= PTS Lactose-N,N'-Diacetylchitobiose Family =

The PTS Lactose-N,N’-Diacetylchitobiose (Lac) Family (TC# 4.A.3) includes several sequenced lactose porters of Gram-positive bacteria, as well as the Escherichia coli and Borrelia burgdorferi N,N'-diacetylchitobiose (Chb) porters. It is part of the PTS-GFL superfamily. The former can transport aromatic β-glucosides and cellobiose, as well as Chb. However, only Chb induces expression of the chb operon.

== Structure ==
While the Lac porters consist of two polypeptide chains (IIA and IICB), the Chb porters of E. coli and B. burgdorferi consist of three (IIA, IIB and IIC). In E. coli, the IIA^{Chb} protein has been shown to form a stable dimer both when phosphorylated and when unphosphorylated. The IIC domains of these permeases are believed to have a uniform topology with 8 TMSs.
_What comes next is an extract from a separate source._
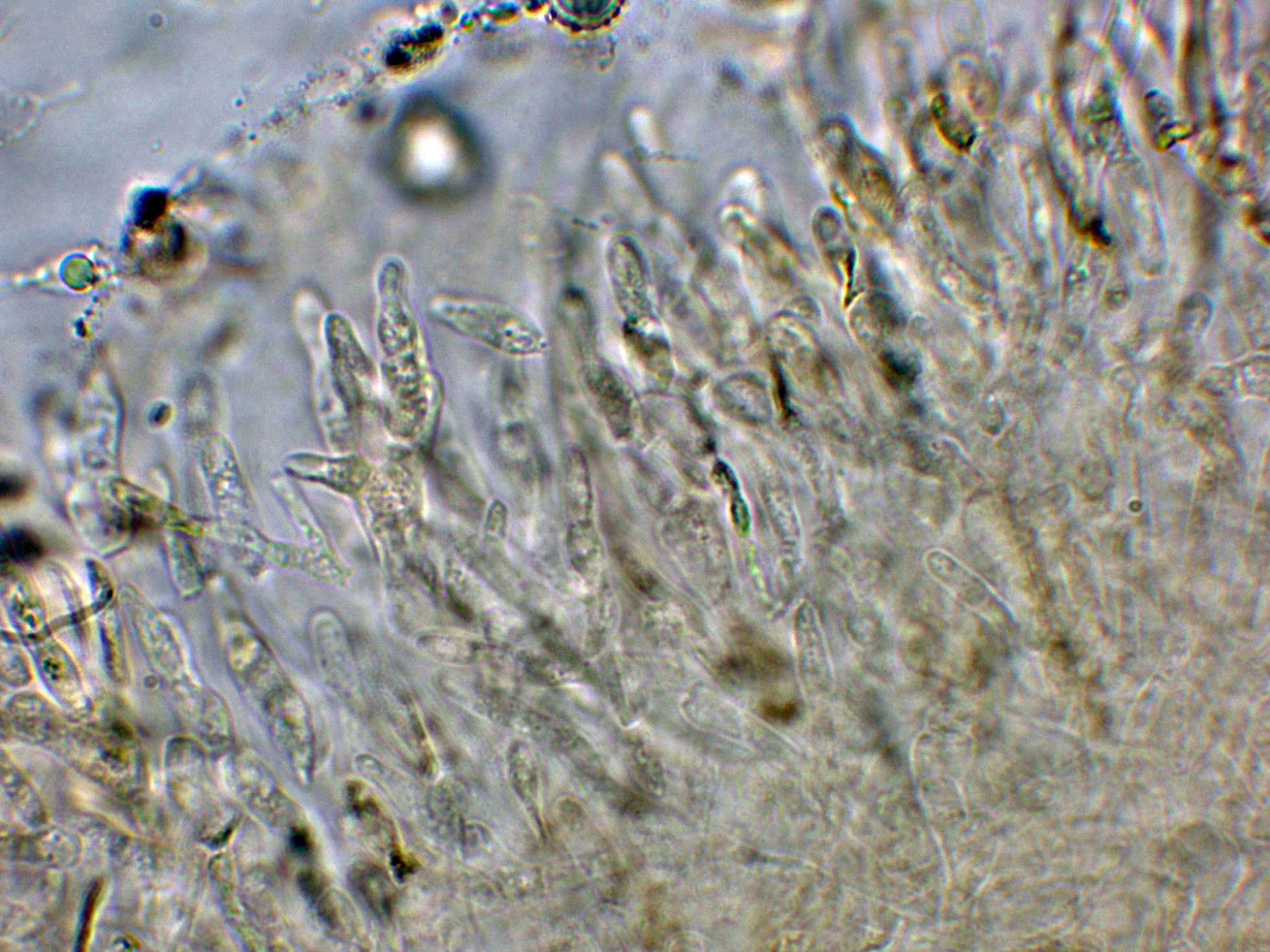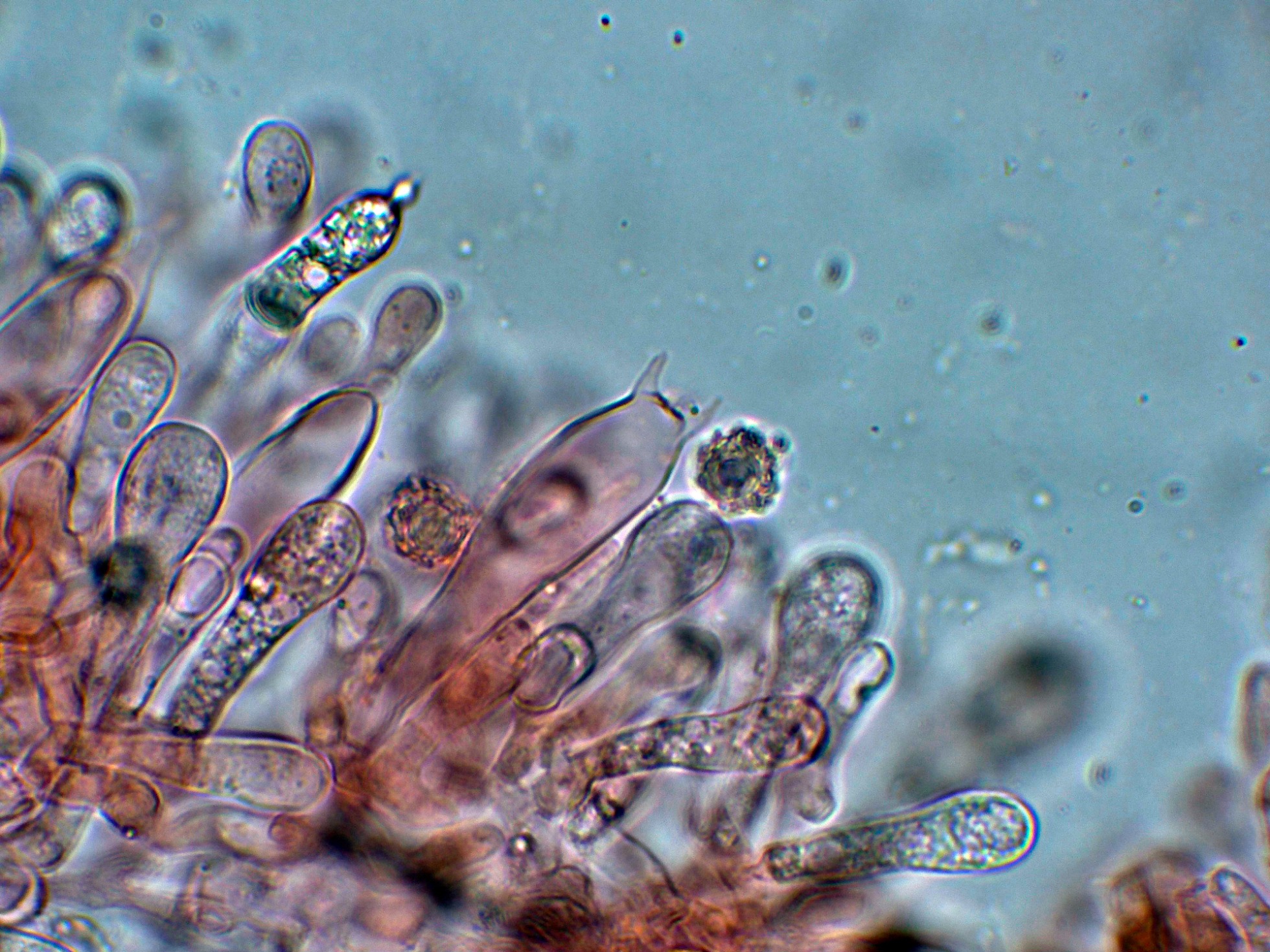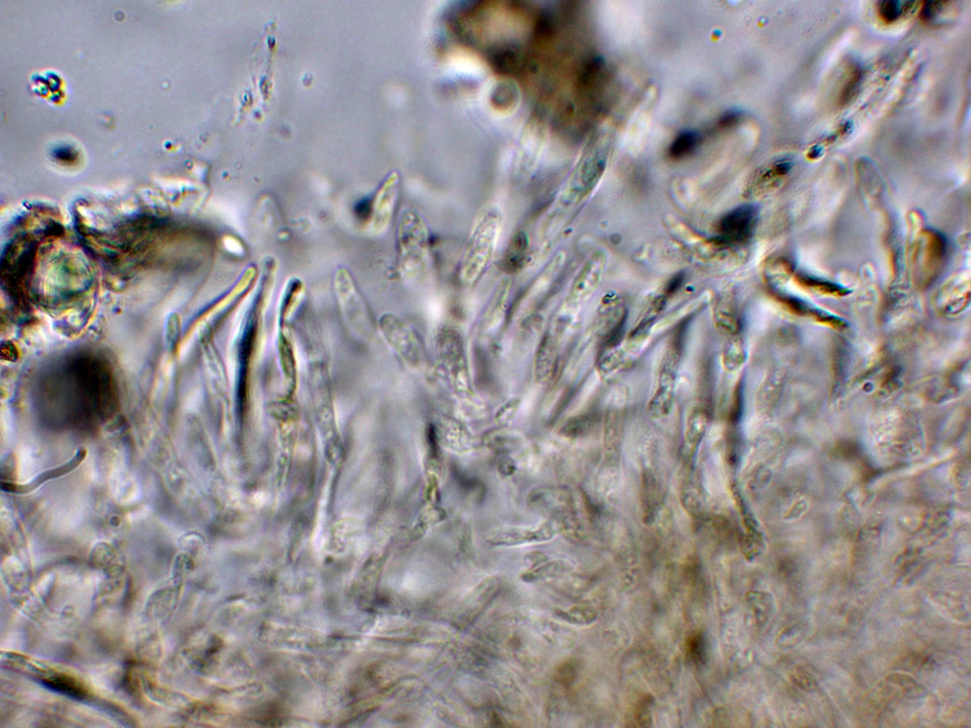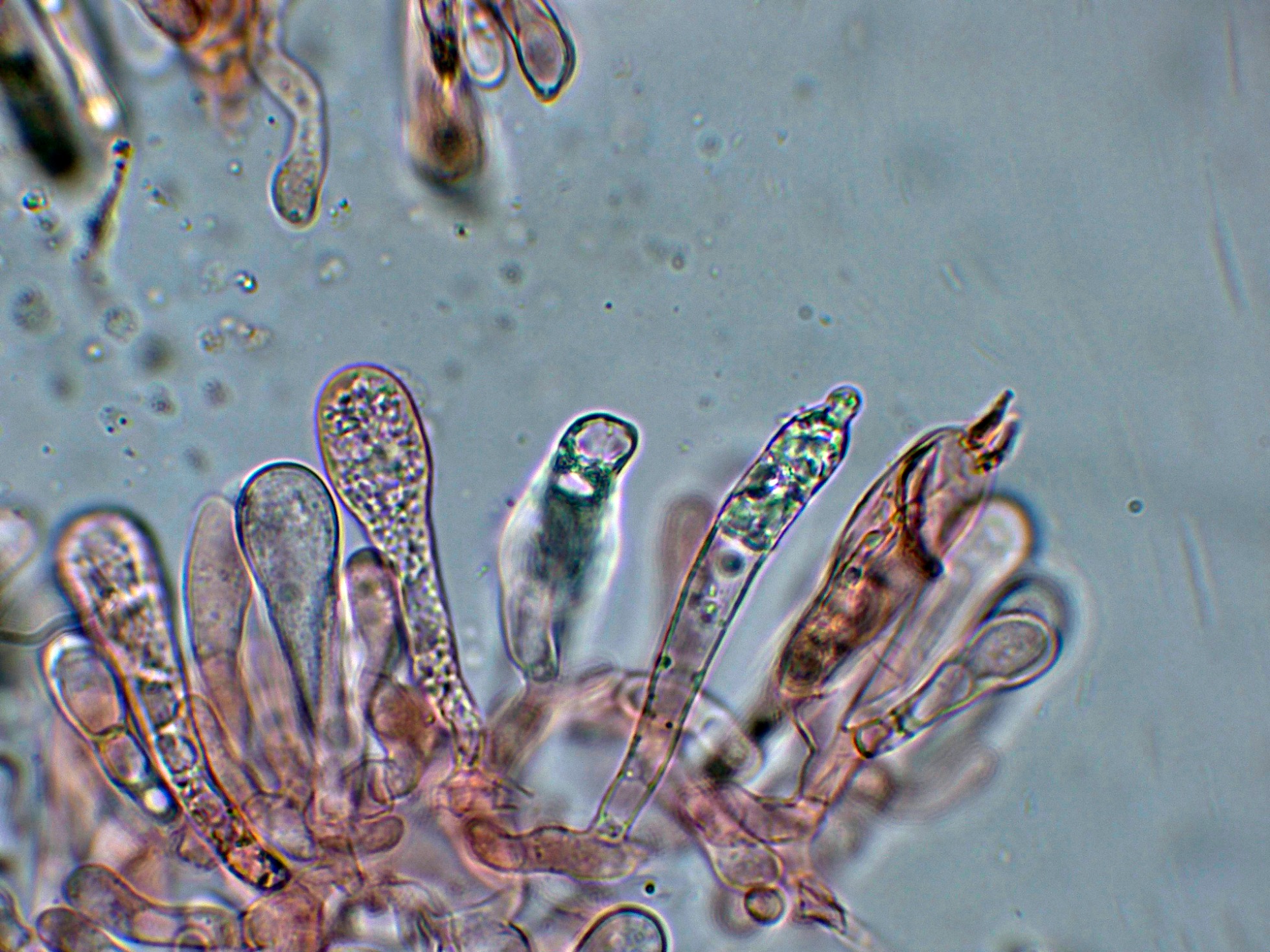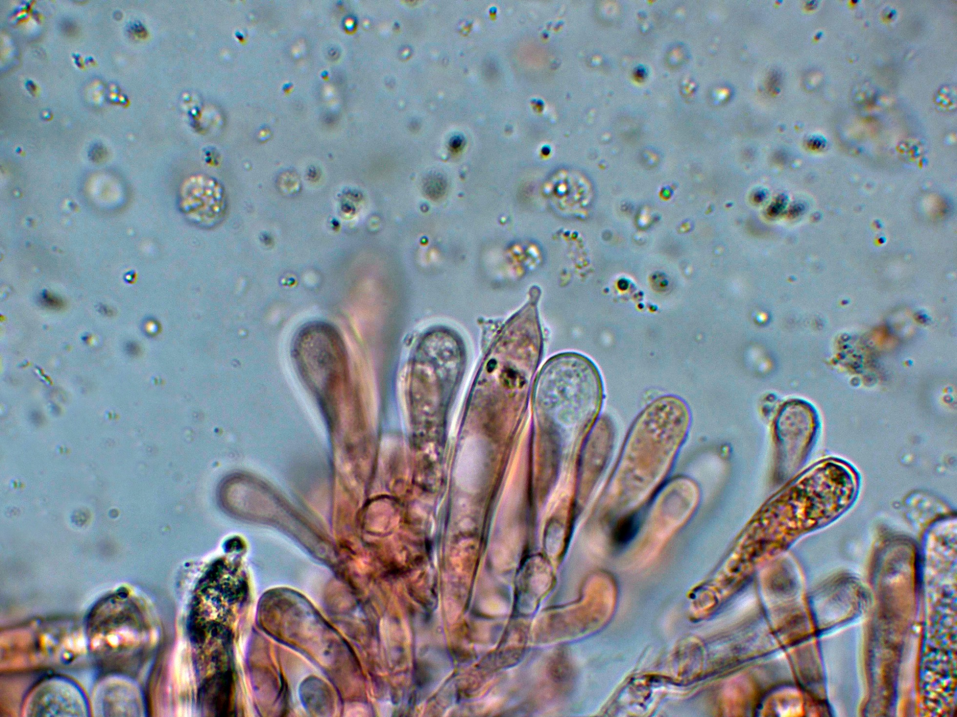 Los cistidios que no sobresalen mucho por encima del nivel de los basidios.

=== Lac porters in E. coli ===
In E. coli, the IIB^{Chb} is a monomer. Two IIB^{Chb} monomers associate with the IIA^{Chb} dimer. The structure of the IIB domain of the Chb porter has been determined both by NMR and by X-ray crystallography. It exhibits an α/β doubly wound superfold. This is different from the structure of the IIB^{Glc} and IIB^{Man}domains. IIB^{Sgc}, believed to function in pentose transport, is homologous to IIB^{Lac} and IIB^{Chb}. In Bacillus cereus, the crystal structure of the Chb protein is known. The IIC domains of members of the Lac family are all more similar to each other than they are to those of the Glc, Bgl, Fru and Mtl families.